Ketika pertamakali memutar The Best Of Black Sabbath, yang saya pinjam dari Ramdhan dengan janji akan dikembalikan dua hari ke depan, yang langsung menyita perhatian adalah intro demi intro dalam lagu-lagu mereka. Saking sukanya saya pada intro-intro yang dibangun lewat riff-riff gitaris Sabbath itu, sampai-sampai jadwal pengembalian kaset pinjaman molor dua minggu. Riff-riff yang tertuang di nomor-nomor legendaris Sabbath seperti “Paranoid”, “Iron Man”, “N.I.B” atau “Symptom Of The Universe”, membuat saya- yang baru menjelang akil baligh saat itu- “jatuh cinta pada pendengaran pertama.” Sehingga, sempat pula saya kecewa berat, disaat kawan sebangku di kelas 2 SMP itu menolak tawaran barter atas kaset temuan ayahnya tersebut. Kesungguhan saya untuk memiliki kaset, yang kemudian baru saya temukan lagi rilisannya sewaktu kuliah itu, bahkan membuat saya rela untuk menraktir Ramdhan setiap istirahat pertama selama beberapa hari.

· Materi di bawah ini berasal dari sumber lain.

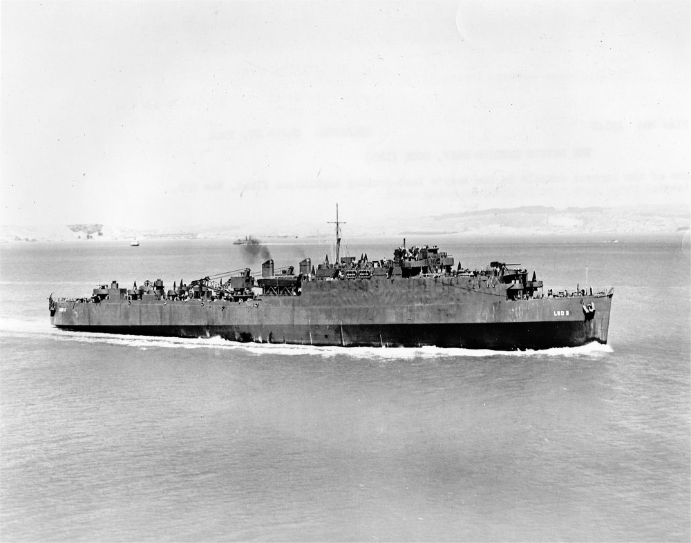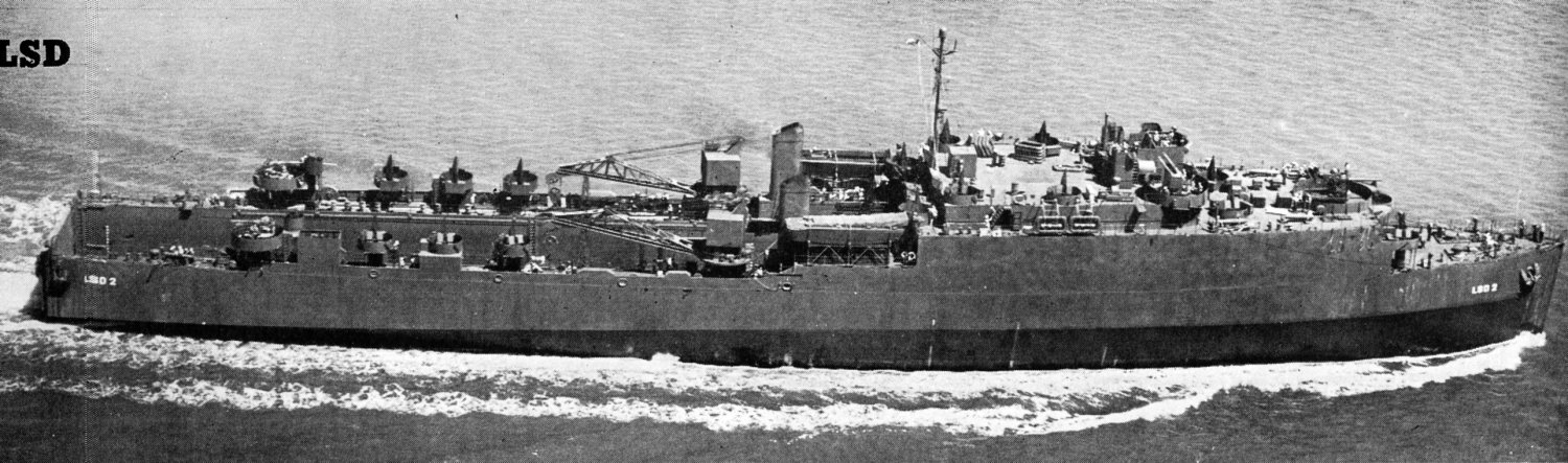 196k | USS Belle Grove (LSD-2) undergoing sea trials in San Francisco Bay, 16 August 1943. US Navy photo from "Allied Landing Craft of World War Two", published by Arms and Armour Press. |

Tapi ternyata, harga Bubur Ayam atau beberapa porsi Baso Tahu Goreng yang biasanya mewah bagi anak usia sekolah menengah pertama ketika itu, tidak sebanding dengan harga kaset The Best Of Black Sabbath yang padahal didapatkan secara kebetulan, dengan cuma-cuma.
**
Orang dibalik intro-intro nan dahsyat yang mencengangkan saya itu adalah, Frank Anthony Iommi, gitaris Sabbath yang populer dengan panggilan : Tony Iommi. Gitaris yang lahir pada tanggal 19 Februari 1948 ini, mulai serius menekuni dunia musik, khususnya sebagai gitaris, setelah terinspirasi oleh permainan Hank Marvin, pemain gitar dari grup legendaris The Shadows. Hank Marvin & The Shadows pula yang menginspirasi fans fanatik FC. Aston Villa, Birmingham ini, untuk membentuk sebuah grup band bersama tiga karibnya semasa sekolah. Ya, pada medio 1967 itulah, Iommi mulai intensif melakukan jam session dengan beberapa grup beraliran blues dan rock, sebelum akhirnya menemukan “rumah permanen” bagi hasrat musikalisasinya bersama Earth- sebuah kelompok yang kemudian berganti nama menjadi Black Sabbath. Kelompok yang kelak dianggap sebagai pelopor metal nomor wahid ini Iommi dirikan bersama, Terence Michael Joseph Butler (Geezer Butler, bassist), William Thomas Ward (Bill Ward, drummer) serta salah satu vokalis yang kelak menjadi ikon Heavy Metal, John Michael Osbourne a.k.a Ozzy Osbourne.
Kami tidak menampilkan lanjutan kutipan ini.